For the first setup, where its trying to learn what it has control over, thats true. But you can use any ordering of hypothesis for the descent, so we can just take "how good that world is" as our ordering. This is very fragile of course. If theres uncountably many great but unachievable worlds, we fail, and in any case we are paying for all this with performance on "ordinary learning". If this were running in a non-episodic environment, we would have to find a balance between having the probability of hypothesis decline according to goodness, and avoiding the "optimistic humean troll" hypothesis by considering complexity as well. It really seems like I ought to take "the active ingredient" of this method out, if I knew how.

I'm using talk about control sometimes to describe what the agent is doing from the outside, but the hypothesis it believes all have a form like "The variables such and such will be as if they were set by BDT given such and such inputs".

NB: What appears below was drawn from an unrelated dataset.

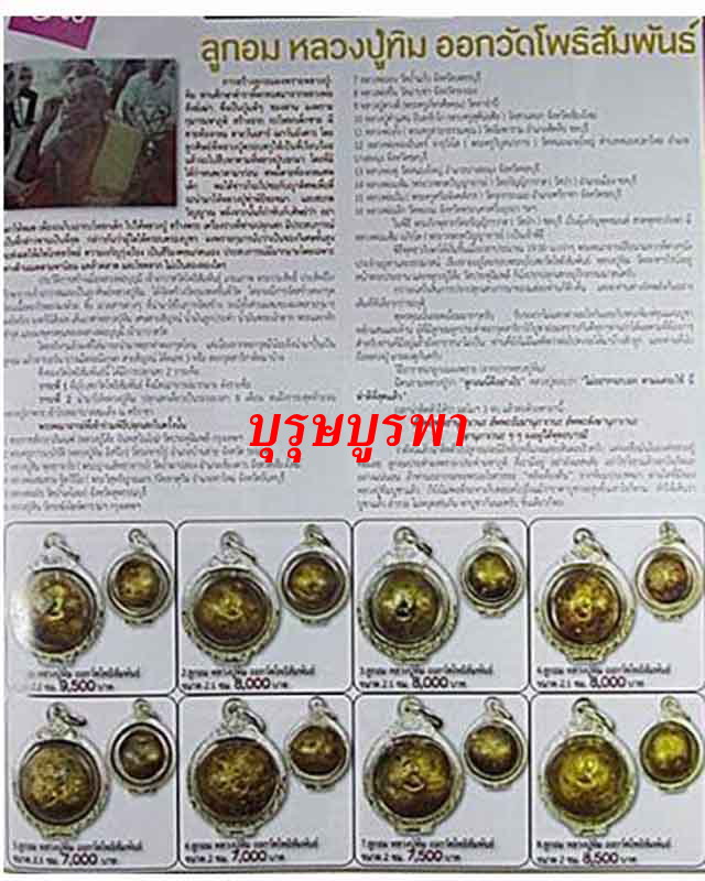 | รายละเอียด | ลูกอมผสมผงพรายกุมาร หลวงปู่ทิม วัดละหารไร่, หลวงปู่โต๊ะ วัดประดู่ฉิมพลี, หลวงพ่อเริ่ม วัดจุกกะเฌอ, หลวงพ่อชื่น วัดมาบข่า ร่วมปลุกเสก ออกวัดโพธิสัมพันธ์ บางละมุง ชลบุรี ลูกอมในรูปภาพมีขนาดโดยประมาณ2เซนติเมตร สภาพสวยงามเนื้อแน่นไม่มีรอยลาน ปัจจุบันหายากแล้ว เคาะเดียวครับ ประวัติการสร้างวัตถุมงคลของวัดโพธิ์สัมพันธ์ เมื่อหลวงพ่อบุญมี อัถปุญโญ ได้มรณะภาพลงเมื่อวันที่ 24 เมษายน พ.ศ.2516 พระประสิทธิ์ ประสิทธิโก รักษาการณ์แทนเจ้าอาวาสวัดโพธิ์สัมพันธ์ในขณะนั้นซึ่งเป็นศิษย์ใกล้ชิดของ หลวงปู่ทิม อิสริโกท่านหนึ่ง หลวงปู่ทิมได้สั่งให้พระประสิทธิ์ ประสิทธิโก จัดทำตะกรุดโทนด้วยเนื้อตะกั่วความยาวประมาณ 11.7 ซ.ม. โดยหลวงปู่ทิมได้สอนแนะนำวิธีการทำ การลงอักขระต่างๆ และการบริกรรมคาถาขณะลงอักขระให้พระประสิทธิ ไปดำเนินการจัดสร้าง มวลสาร ลูกอมหลวงปู่ทิมออกวัดโพธิ์สัมพันธ์ จะมีส่วนผสมของผงพรายกุมาร หลวงปู่ทิม, ผงอิทธิเจ, ผงตรีนิสิงเห, ผงปัถมัง, เส้นเกศาหลวงปู่ทิม, เศษสายสิญจน์, น้ำมันลูกประคำ, น้ำมันพระเจ้าตาก, พระผงที่แตกหักชำรุด, และผงพุทธคุณของหลวงปู่บุญมี นำมาบดผสมให้เข้ากัน เนื่องจากตะกรุดโทนมีน้อย ผงพุทธคุณผสมผงพรายกุมารหลวงปู่ทิมเหลือเยอะจึงนำมาหุ้มที่ตะกรุดโทน แล้วส่วนที่เหลือนำมาปั้นเป็นลูกอมแล้วทาบอร์น บางเม็ดก็จะมีอาทิ เส้นเกศา, เศษสายสิญจน์, ตอกโค๊ตคล้ายเลข ๓ และฝังตะกรุดสาริกา ติดมาอยู่บ้างปะปนกันไป ขนาดของลูกอมก็จะมีหลายขนาด บางเม็ดก็จะมีขนาดเท่ากำปั้นลักษณะของลูกอมวัดโพธิ์สัมพันธ์ เนื้อจะแน่นและแกร่งกว่าวัดละหารไร่ และบอร์นจะคนละโซนกับวัดละหารไร่แตกต่างกันอย่างเห็นได้ชัด เมื่อพระประสิทธิได้ดำเนินการจัดทำขึ้น แล้วเสร็จจึงมีพิธีพุทธาภิเษกขึ้น จะมีอยู่ 2 วาระ วาระที่ 1 ปี 2517 ปลุกเสกหมู่ที่วัดโพธิ์สัมพันธ์ โดยมีหลวงปู่โต๊ะ วัดประดู่ฉิมพลี,หลวงปู่ทิม วัดละหารไร่,หลวงปู่สิม วัดถ้ำผาปล่อง,หลวงปู่คร่ำ วัดวังหว้า,หลวงปู่ม่น วัดเนินตามาก,หลวงพ่อเริ่ม วัดจุกกะเฌอ,หลวงพ่อชื่น วัดมาบข่า และยังมีเกจิอาจารย์ท่านอื่นๆอีกมากมายที่เข้าร่วมปลุกเสกในพิธีนี้ วาระที่ 2 หลังจากพิธีปลุกเสกวาระที่ 1 แล้ว พระประสิทธิ ประสิทธิโก ได้นำวัดถุมงคลของวัดโพธิ์สัมพันธ์ทั้งหมดมาให้หลวงปู่ทิม ที่วัดละหารไร่ ปลุกเสกเดี่ยวเป็นระยะเวลายาวนานถึง 8 เดือน จนถึงวาระสุดท้ายของหลวงปู่ทิมได้อาพาธจนเข้าโรงพยาบาล ณ ศรีราชา รักษาตัวอยู่ 23 วัน ท่านก็มรณะภาพลงเมื่อเวลาประมาณ 23.00 น. ของวันที่ 16 ต.ค. 2518 ที่หน้าหอสวดมน

Right, but then, are all other variables unchanged? Or are they influenced somehow? The obvious proposal is EDT -- assume influence goes with correlation. Another possible answer is "try all hypotheses about how things are influenced."

Right, but then, are all other variables unchanged? Or are they influenced somehow? The obvious proposal is EDT -- assume influence goes with correlation.

I'm not sure why you think there would be a decision theory in that as well. Obviously when BDT decides its output, it will have some theory about how its output nodes propagate. But the hypothesis as a whole doesn't think about influence. Its just a total probability distribution, and it includes that some things inside it are distributed according to BDT. It doesn't have beliefs about "if the output of BDT were different". If BDT implements a mixed strategy, it will have beliefs about what each option being enacted correlates with, but I don't see a problem if this doesn't track "real influence" (indeed, in the situations where this stuff is relevant it almost certainly won't) - its not used in this role.